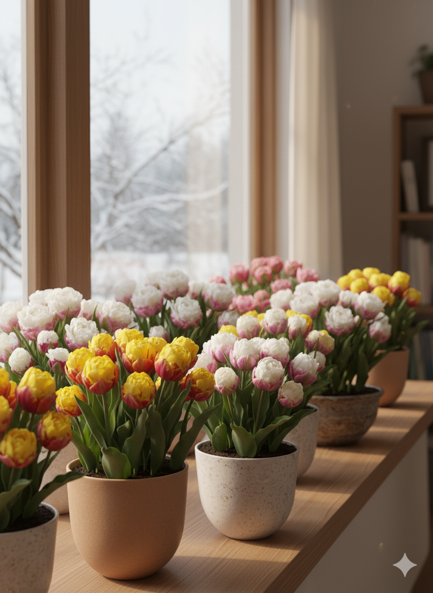 Додаткового зимового укриття кімнатні тюльпани не потребують — достатньо стабільної температури в приміщенні та легкого догляду.
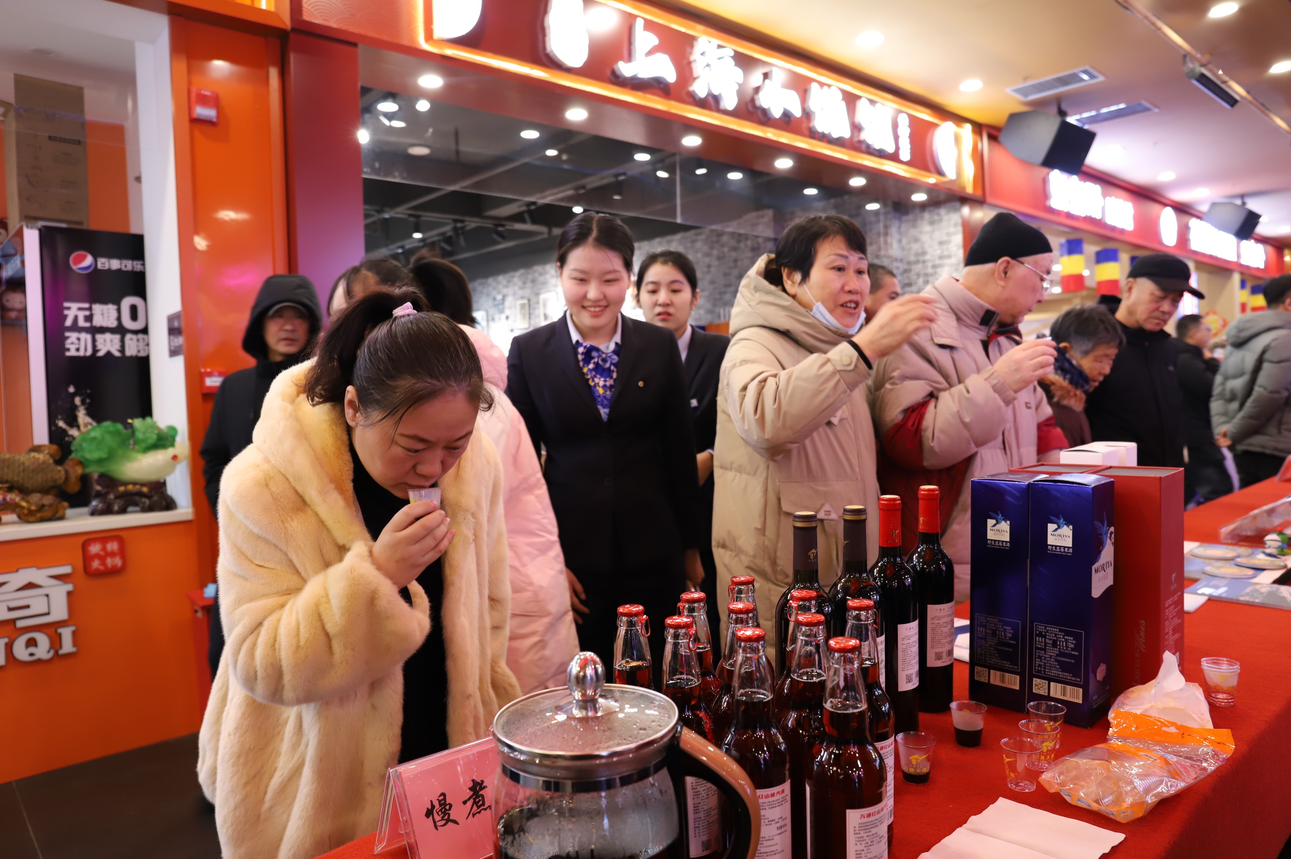 同时,活动现场设置人参鸡汤、煮红酒免费品尝展台,品味“舌尖”通化,浓浓的年味扑面而来。
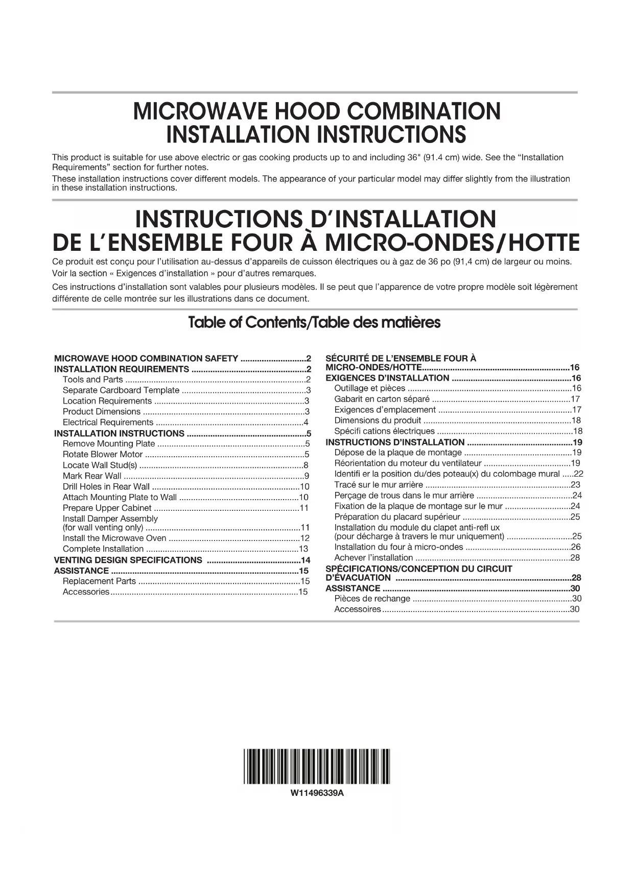 Ce produit est conçu pour l’utilisation au-dessus d’appareils de cuisson électriques ou à gaz de 36 po (91,4 cm) de largeur ou moins. Voir la section « Exigences d’installation » pour d’autres remarques. Ces instructions d’installation sont valables pour plusieurs modèles. Il se peut que l’apparence de votre propre modèle soit légèrement différente de celle montrée sur les illustrations dans ce document. Table of Contents/Table des matières W11496339A
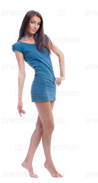 Стройная девушка в синем платье на белом
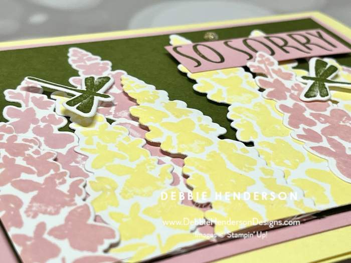 - Snapdragons: Stamp a bunch of assorted snapdragons using all three images in Pretty In Pink and Lemon Lolly Inks. Cut with the dies. Start layering on the Mossy Meadow Cardstock layer by adding some flat and then adding more with Stampin’ Dimensionals. Trim to fit on the edges. Glue cardstock layer to card front.

---------------

- Work instructions -
Your task is to transcribe exactly the lines from the one containing "Стройная девушка в синем платье на белом" through the final line of the entries above, pictures excluded.

- Exercise solution -
 Стройная девушка в синем платье на белом
 - Snapdragons: Stamp a bunch of assorted snapdragons using all three images in Pretty In Pink and Lemon Lolly Inks. Cut with the dies. Start layering on the Mossy Meadow Cardstock layer by adding some flat and then adding more with Stampin’ Dimensionals. Trim to fit on the edges. Glue cardstock layer to card front.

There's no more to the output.